Records for the task section start

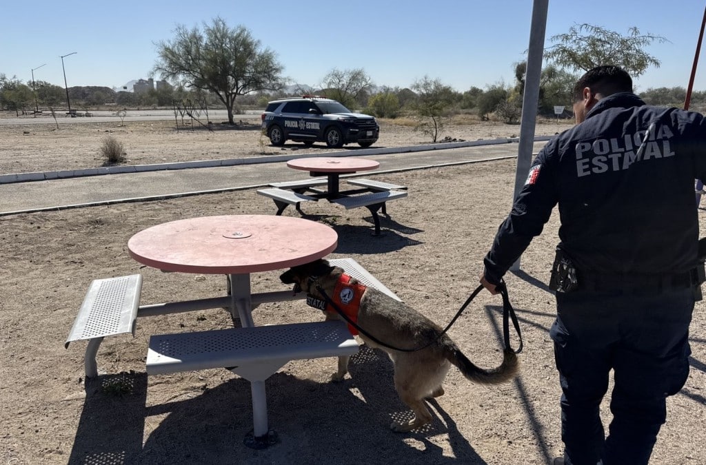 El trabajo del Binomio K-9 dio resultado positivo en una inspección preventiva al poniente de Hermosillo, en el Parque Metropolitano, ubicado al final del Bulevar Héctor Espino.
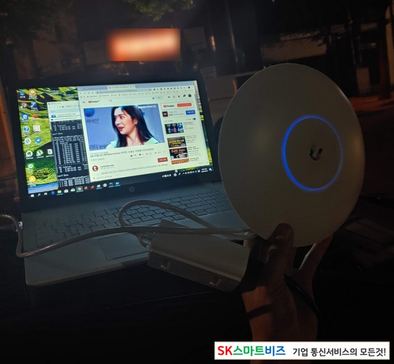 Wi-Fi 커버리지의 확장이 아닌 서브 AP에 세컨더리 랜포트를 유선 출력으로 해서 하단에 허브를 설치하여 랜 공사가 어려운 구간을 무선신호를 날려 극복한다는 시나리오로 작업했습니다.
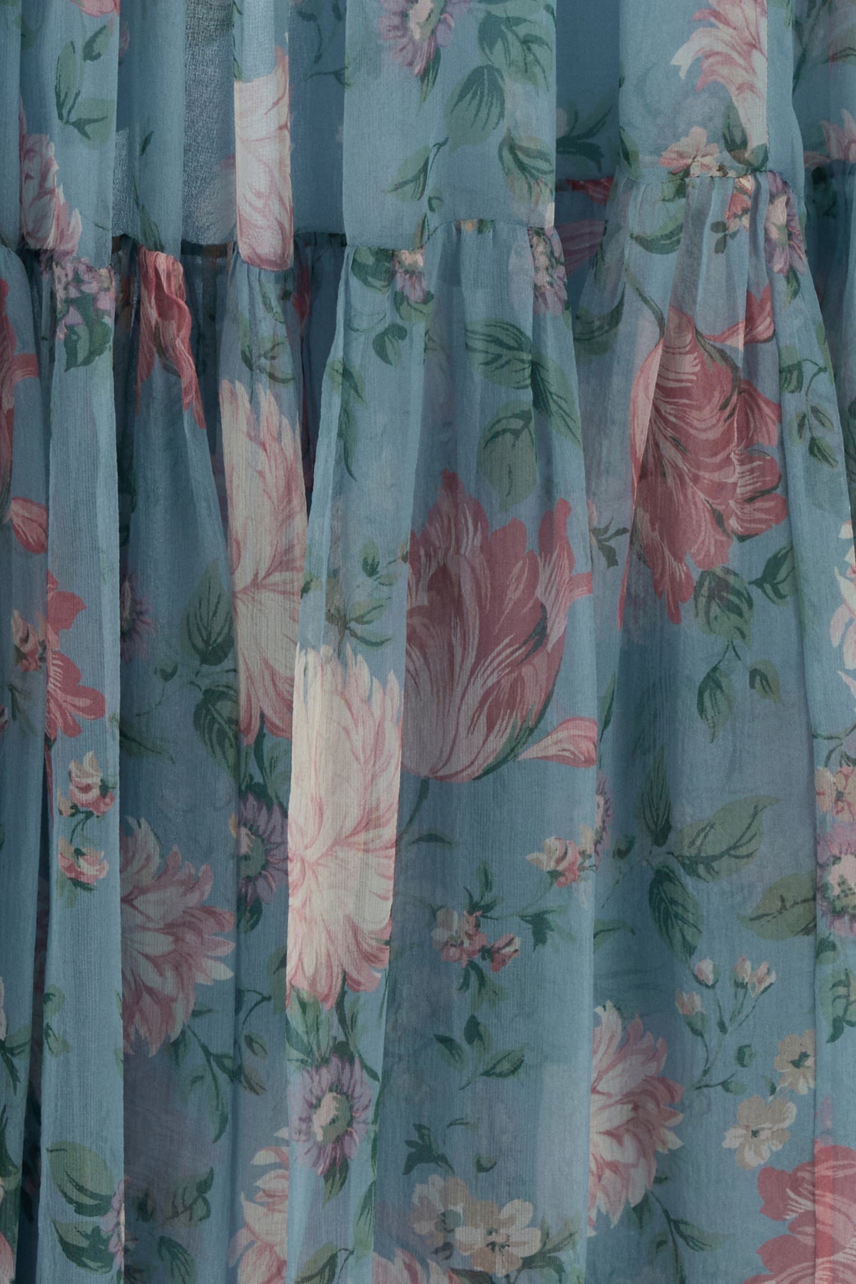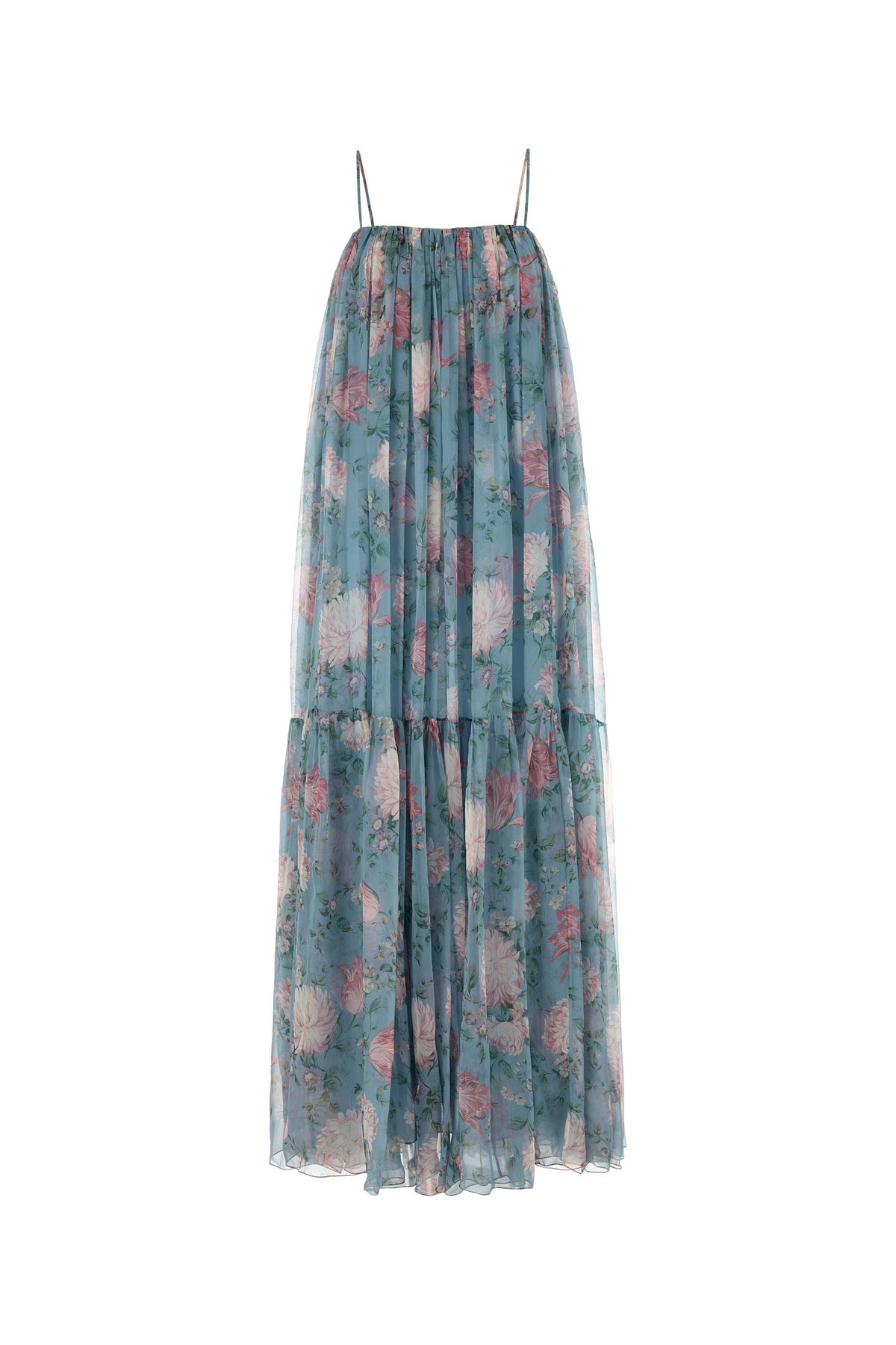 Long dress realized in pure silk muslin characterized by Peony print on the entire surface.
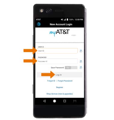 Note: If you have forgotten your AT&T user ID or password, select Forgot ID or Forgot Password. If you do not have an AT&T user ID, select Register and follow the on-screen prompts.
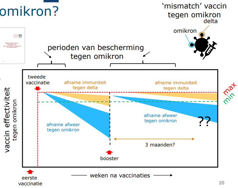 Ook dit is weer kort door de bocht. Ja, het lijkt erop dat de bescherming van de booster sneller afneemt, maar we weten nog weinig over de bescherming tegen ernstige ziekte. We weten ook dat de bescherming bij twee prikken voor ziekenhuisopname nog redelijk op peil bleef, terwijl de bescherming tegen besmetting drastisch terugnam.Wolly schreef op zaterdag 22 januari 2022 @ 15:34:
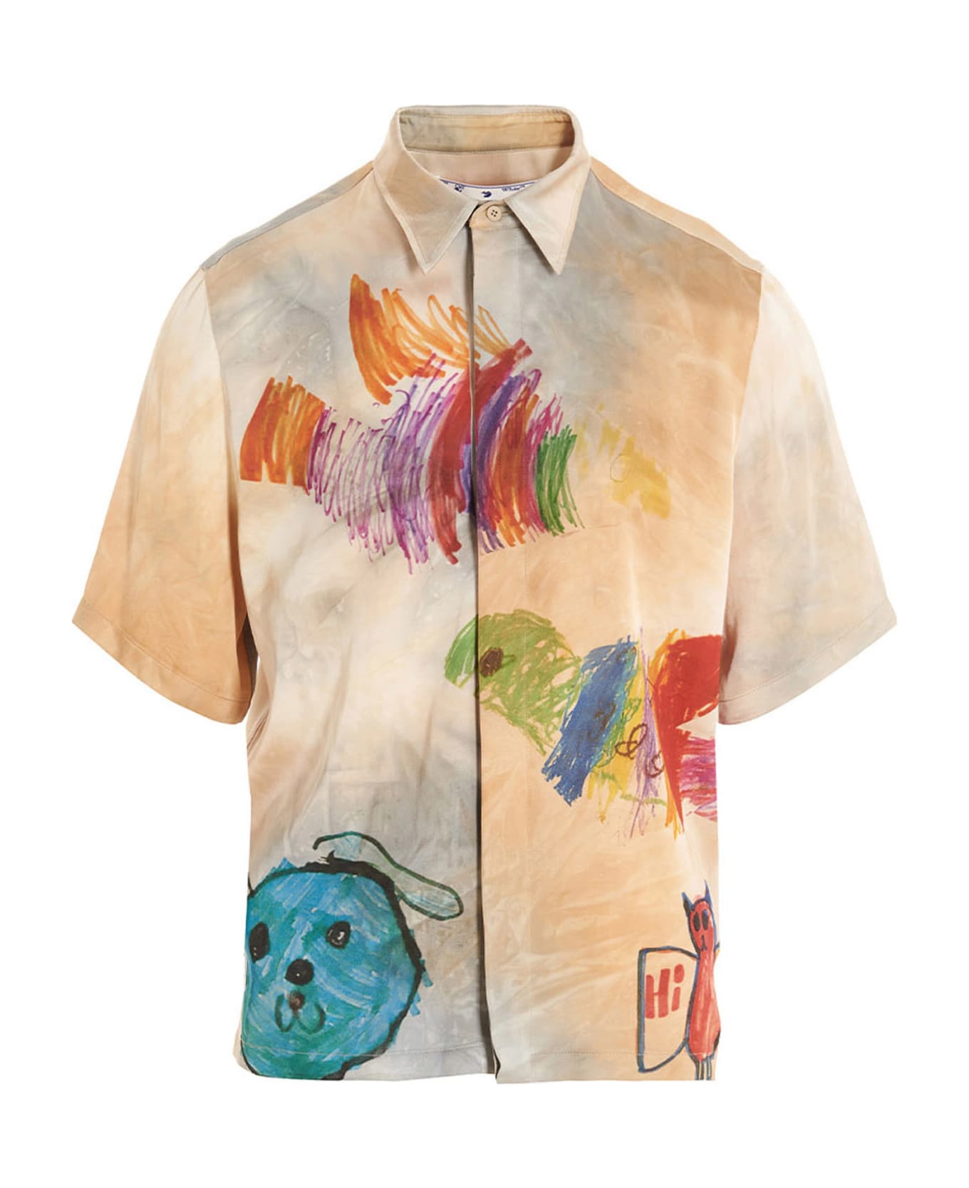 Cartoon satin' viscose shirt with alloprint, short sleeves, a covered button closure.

Records for the task section end
Records for the task section start

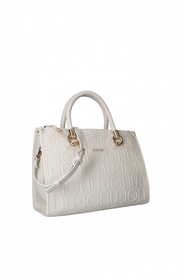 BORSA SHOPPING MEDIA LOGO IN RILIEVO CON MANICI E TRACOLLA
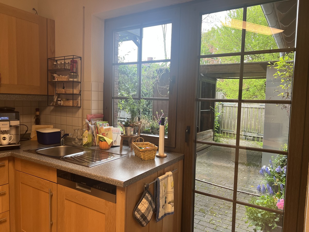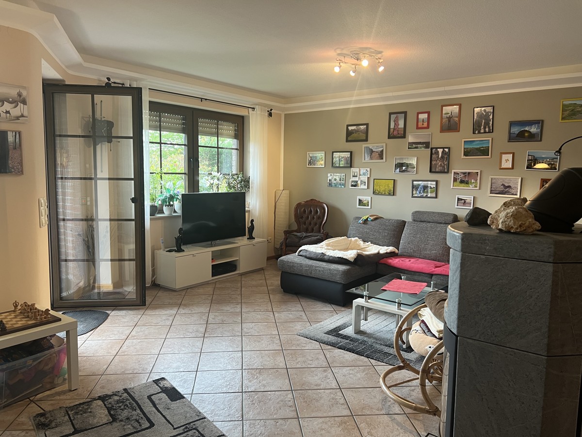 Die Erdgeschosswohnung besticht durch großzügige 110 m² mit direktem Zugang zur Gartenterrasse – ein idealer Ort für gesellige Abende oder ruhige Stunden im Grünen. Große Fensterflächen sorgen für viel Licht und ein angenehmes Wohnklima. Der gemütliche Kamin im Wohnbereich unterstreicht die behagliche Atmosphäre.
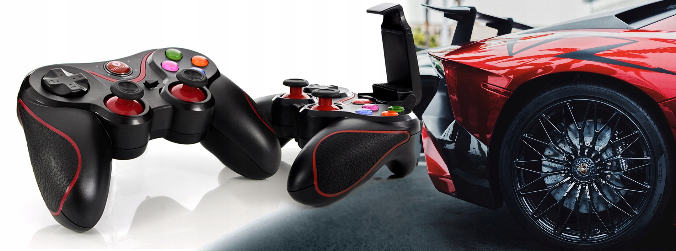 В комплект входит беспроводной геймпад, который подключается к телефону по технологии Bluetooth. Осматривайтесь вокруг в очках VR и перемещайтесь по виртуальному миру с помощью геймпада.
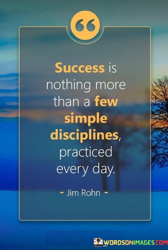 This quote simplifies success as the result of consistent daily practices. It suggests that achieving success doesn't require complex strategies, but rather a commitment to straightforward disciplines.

Records for the task section end
Records for the task section start

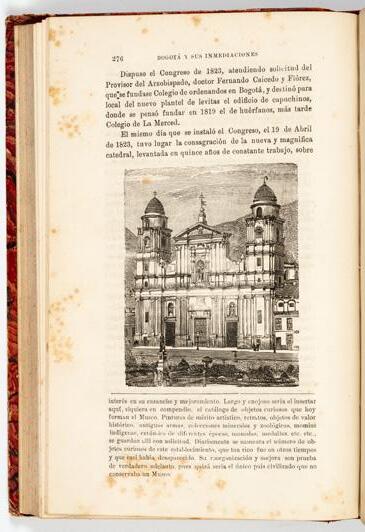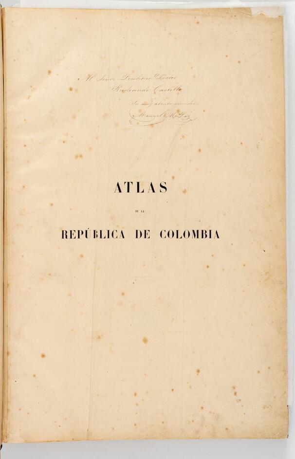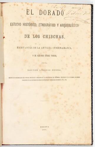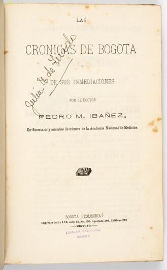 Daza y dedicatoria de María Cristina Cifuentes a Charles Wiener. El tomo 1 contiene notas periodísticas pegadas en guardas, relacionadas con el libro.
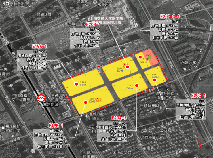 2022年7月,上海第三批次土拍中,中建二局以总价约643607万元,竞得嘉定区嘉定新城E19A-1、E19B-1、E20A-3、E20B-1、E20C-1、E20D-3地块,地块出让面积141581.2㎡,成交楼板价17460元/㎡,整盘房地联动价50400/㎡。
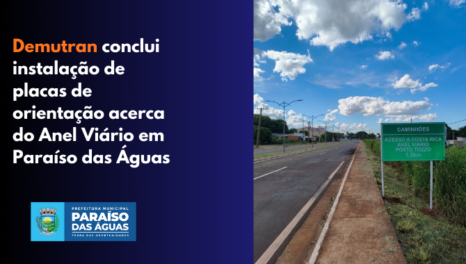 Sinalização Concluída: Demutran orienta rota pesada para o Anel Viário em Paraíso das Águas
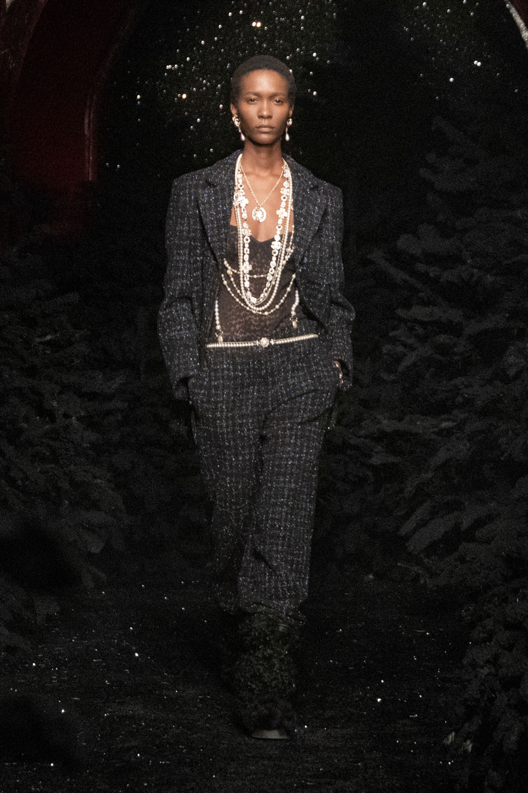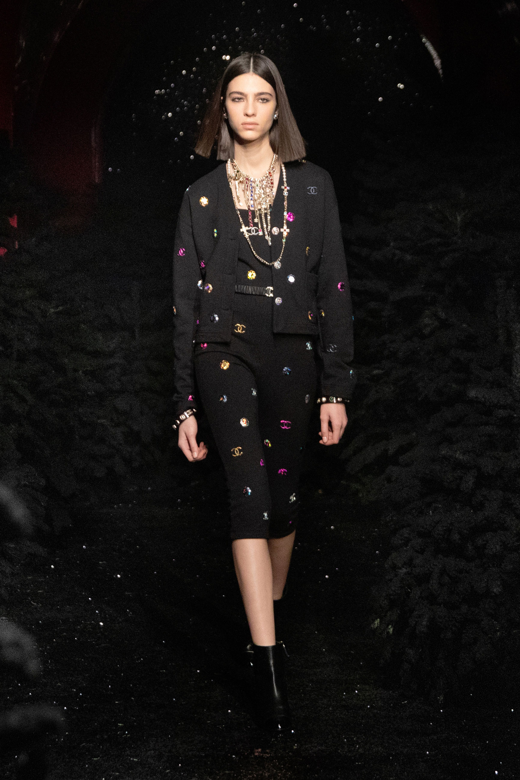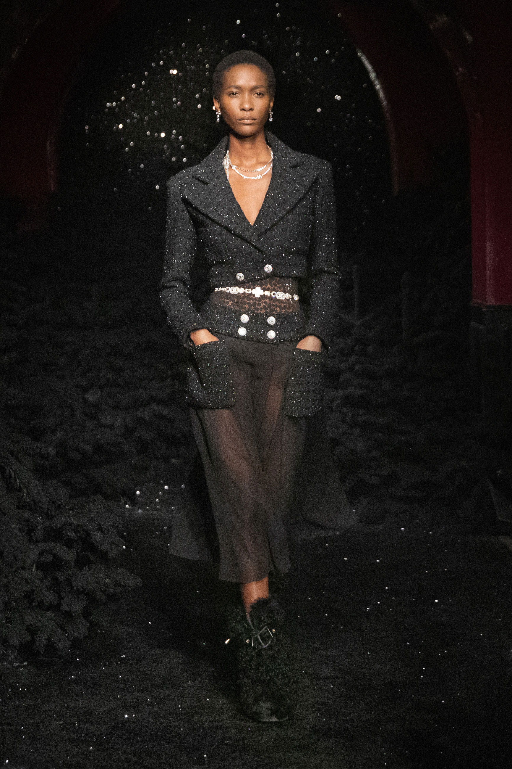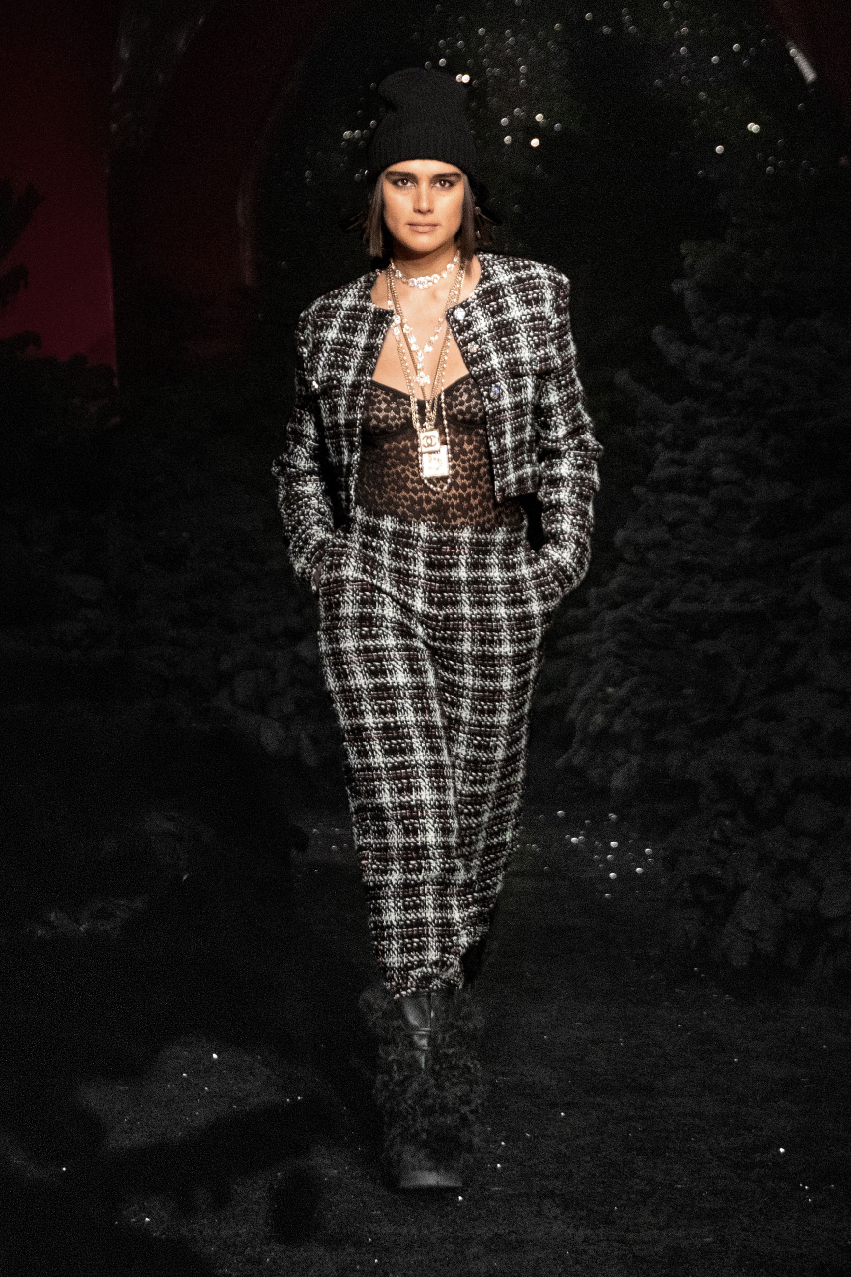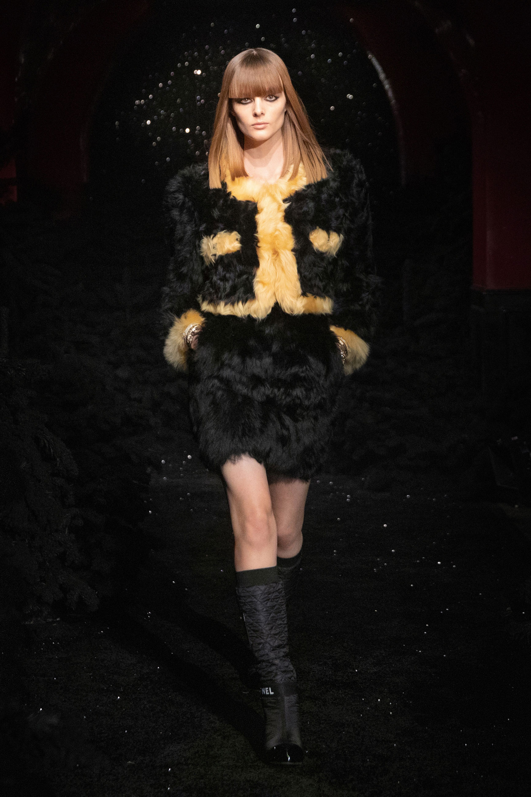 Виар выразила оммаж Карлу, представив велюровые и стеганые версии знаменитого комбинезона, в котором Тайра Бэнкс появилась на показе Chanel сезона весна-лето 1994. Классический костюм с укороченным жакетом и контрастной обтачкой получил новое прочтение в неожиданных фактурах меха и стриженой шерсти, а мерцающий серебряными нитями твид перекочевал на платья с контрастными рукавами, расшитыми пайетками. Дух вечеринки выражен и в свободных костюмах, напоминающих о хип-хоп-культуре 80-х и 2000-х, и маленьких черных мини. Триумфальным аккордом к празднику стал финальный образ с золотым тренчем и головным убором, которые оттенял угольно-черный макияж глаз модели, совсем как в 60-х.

Records for the task section end

## Work order
What's needed is an exact copy of the lines above from the one with "В комплект входит" through the one with "This quote simplifies", both included; the pictures stay out.

## Answer to this exercise
 В комплект входит беспроводной геймпад, который подключается к телефону по технологии Bluetooth. Осматривайтесь вокруг в очках VR и перемещайтесь по виртуальному миру с помощью геймпада.
 This quote simplifies success as the result of consistent daily practices. It suggests that achieving success doesn't require complex strategies, but rather a commitment to straightforward disciplines.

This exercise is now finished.